Volume two, 121 folios on parchment (with some original holes, and many off-cuts), modern foliation in pencil, top outer corner recto, complete (collation i-v8 vi10 vii-xiv8 xv8 [8, unnumbered pastedown]), quires numbered throughout at the beginning of the quire in roman numerals, no catchwords, ruled, usually lightly, in ink, sometimes with the top and bottom two rules full across, prickings often remain outer margins (justification 122-120 x 95-90 mm.), written in two columns of 27 lines by two or three scribes in an informal, quick gothic bookhand with tall double-looped ‘a’ and some looped ascenders (almost entirely by one hand), blue rubrics, blue 2- to 3-line initials, some discoloration and cockling to first few leaves, outermargins trimmed away ff. 30-32, marginal stains (mostly at the bottom margin, with a stain in the upper margin at the end of the manuscript), overall good condition. FOURTEENTH- or FIFTEENTH-CENTURY BINDING of white sheepskin over wooden boards, sewn on three double thongs, boards tooled with simple double fillet in frame and forming a saltire cross in center, front pastedown possibly reused from an earlier manuscript (text scraped), but with a small fragment from another manuscript glued on (described below), mark and rust from the hasp, now missing, of a chained binding, bottom edge, back cover, spine with three raised bands and title in ink, “sermones de tempore,” fifteenth-century title-plate in vellum pasted to head of front board, “Sermones de tempore et de sanctis et de aliis diversis materiis theologie <two further words, now faded>”, two working strap and pin fasteners, fastening back to front, boards are wormed and slightly bowed, some scuffs to edges, but in very good condition. Dimensions 160 x 124 mm.

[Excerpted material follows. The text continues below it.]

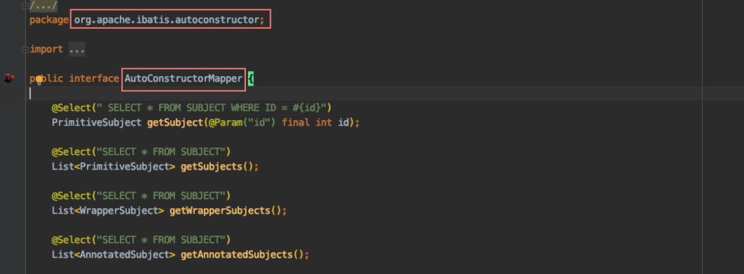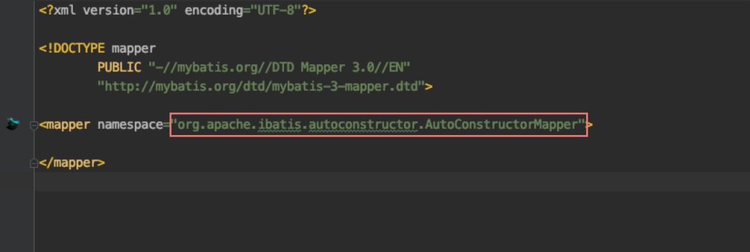 为了方便大家理解,通过 Mybatis 源码提供的测试类举例。假设已有接口 AutoConstructorMapper 以及对应的 .xml 如下

Sermons remain one of the great untapped sources for understanding medieval life, thought, and religion. These two volumes include hundreds of sermons awaiting further study; none at the moment are identified as by known authors (very preliminary research has found only two relevant comparisons in the literature). The contents are tantalizing, including exempla (moralizing tales), and unusual topics, from Noah’s ark to Divine Love. Physically, these volumes hold a special interest. Small in size, copied by a number of scribes in informal but legible scripts, and still preserved in early (perhaps original) bindings, these are marvelous survivals from the monastic past.
Provenance
1. Based on the evidence of the script, these two manuscripts were copied in Upper Austria over a period of years; the first part of volume one was perhaps copied in the late thirteenth or early fourteenth century, and this volume was completed in the second quarter of the fourteenth century by several scribes in distinctive early cursive gothic scripts (Derolez, 2006, pp. 133-134); evidence of the script suggests the second volume was also copied in the second quarter of the fourteenth century, perhaps in the 1340s (cf. the Garsten manuscripts described by Hranitzky, Online Resources, for context; and Holter, 1956, p. 297). It seems most likely to us that these two volumes were copied at Garsten, for the use of the of the monks themselves.
One must consider these two manuscripts as companions to one another (in this description we designate them as volume one and two). Evidence suggests they were copied around the same time; they are very close in size and are bound in very similar (although not identical) early Garsten bindings. Moreover, they have, very fortunately, been preserved together since they left Garsten Abbey. However, it may be more accurate to consider them as complementary volumes, rather than as a two-volume set. Further research is needed before any firm conclusions about their origin and exact relationship with one another can be established.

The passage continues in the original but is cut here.